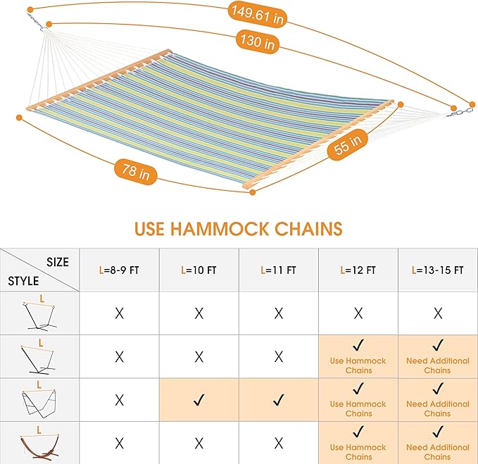 - HANGING SOULTION: This 11ft hammock is compatible with 12ft-15ft hammock stand. Check the length of your hammock stand before you make a purchase. Hammock can also hung between trees, with a height of 60-66 inches and a tree spacing of 144-240 inches. It’s perfect for patio, backyard, poolside, balcony or beach
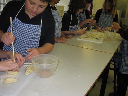春节期间,学校的食堂也特意张灯结彩地装扮起来,给学生们准备了中国饭。学校的Food Technology 课还安排孔子课堂的老师给学生上了两堂特殊的烹饪课:学做中国饺子。英国孩子吃过中餐的不少,可是吃过饺子的不多,所以兴趣很浓。一节100分钟的烹饪课,孩子们在老师的帮助下都能吃上自己包,自己煮的饺子,个个香得咂嘴称赞。有的孩子除了自己吃,还把剩下的带回家去给父母尝。老师们大年三十儿的饺子,就是在课堂上和孩子们一起包,一起吃的。
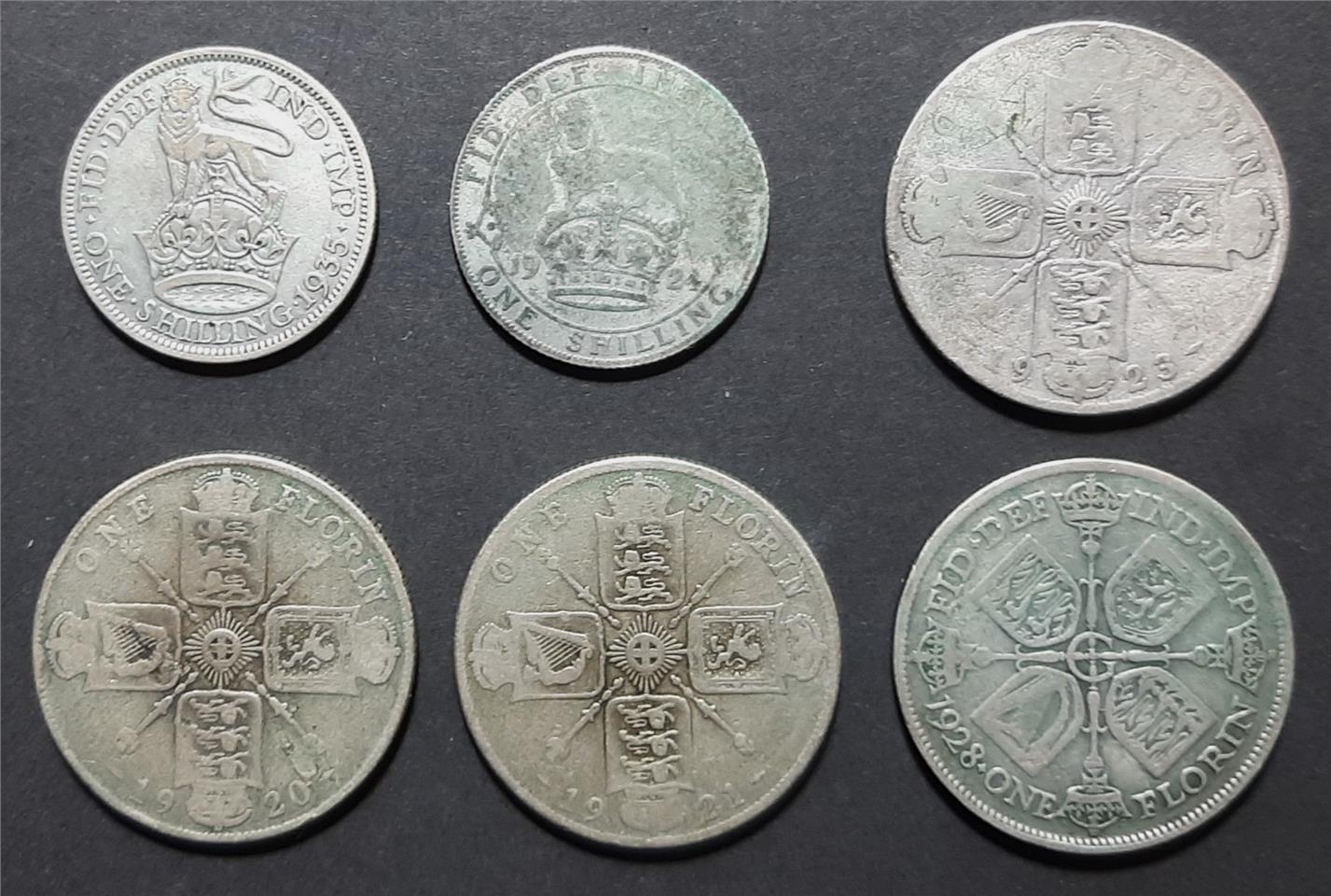 6 KING GEORGE V SILVER (.500) COINS - 2 ONE SHILLING and 4 FLORINS (TWO SHILLINGS) - 54.7g
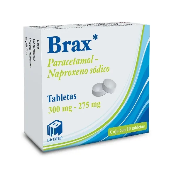 Brax (Paracetamol/Naproxeno sódico) 10 Tabletas
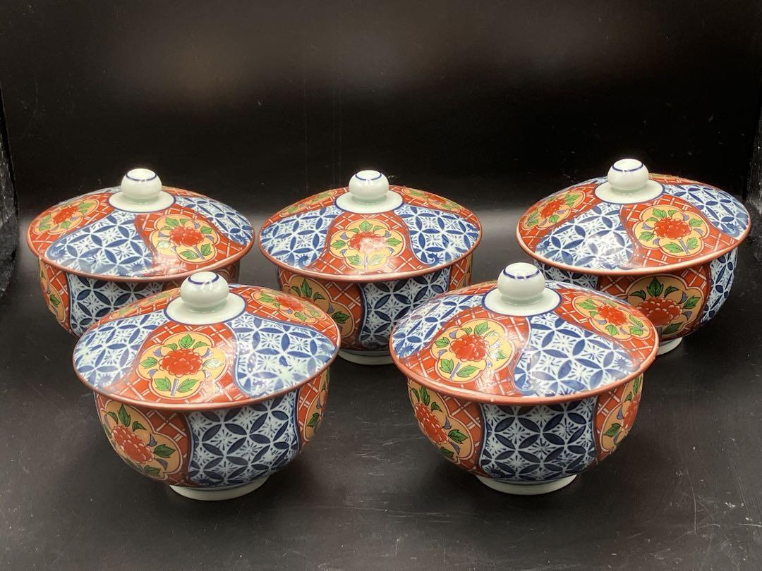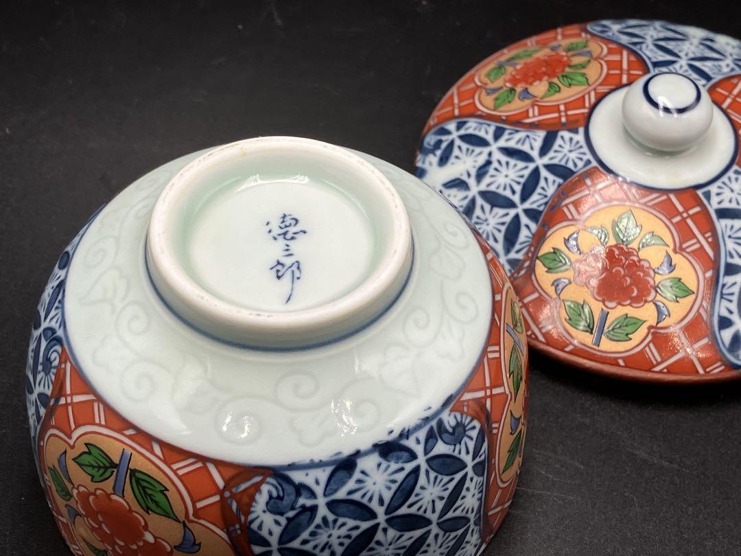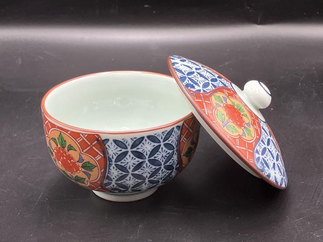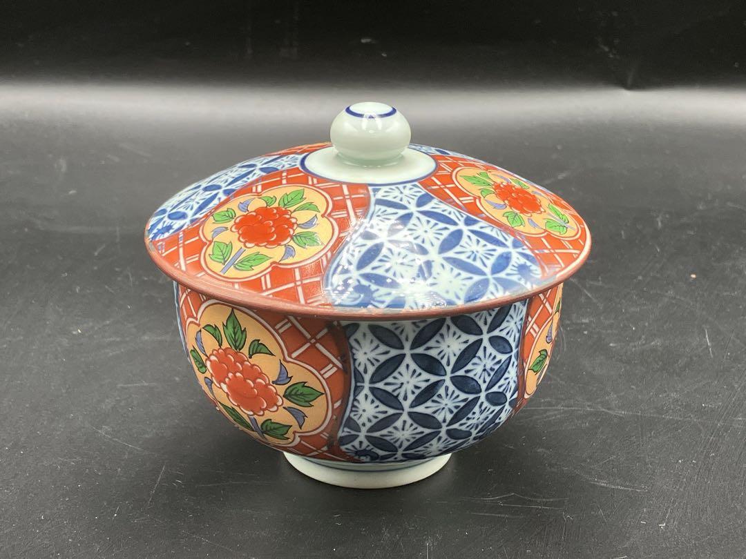 有田焼 徳三郎作 湯呑茶碗 5客セットヴィンテージ品サイズ 直径 約8.5cm 高さ 約6cm 8.5cm(蓋を含む)赤の発色が美しい有田焼(徳三郎作)の湯呑茶碗セットです。不意な来客にも、1セットあれば便利です。目立ったキズや汚れはございません。

******************************

Only the lines from the line with "6 KING GEORGE" to the end of the records should be repeated, exactly and without pictures.

 6 KING GEORGE V SILVER (.500) COINS - 2 ONE SHILLING and 4 FLORINS (TWO SHILLINGS) - 54.7g
 Brax (Paracetamol/Naproxeno sódico) 10 Tabletas
 有田焼 徳三郎作 湯呑茶碗 5客セットヴィンテージ品サイズ 直径 約8.5cm 高さ 約6cm 8.5cm(蓋を含む)赤の発色が美しい有田焼(徳三郎作)の湯呑茶碗セットです。不意な来客にも、1セットあれば便利です。目立ったキズや汚れはございません。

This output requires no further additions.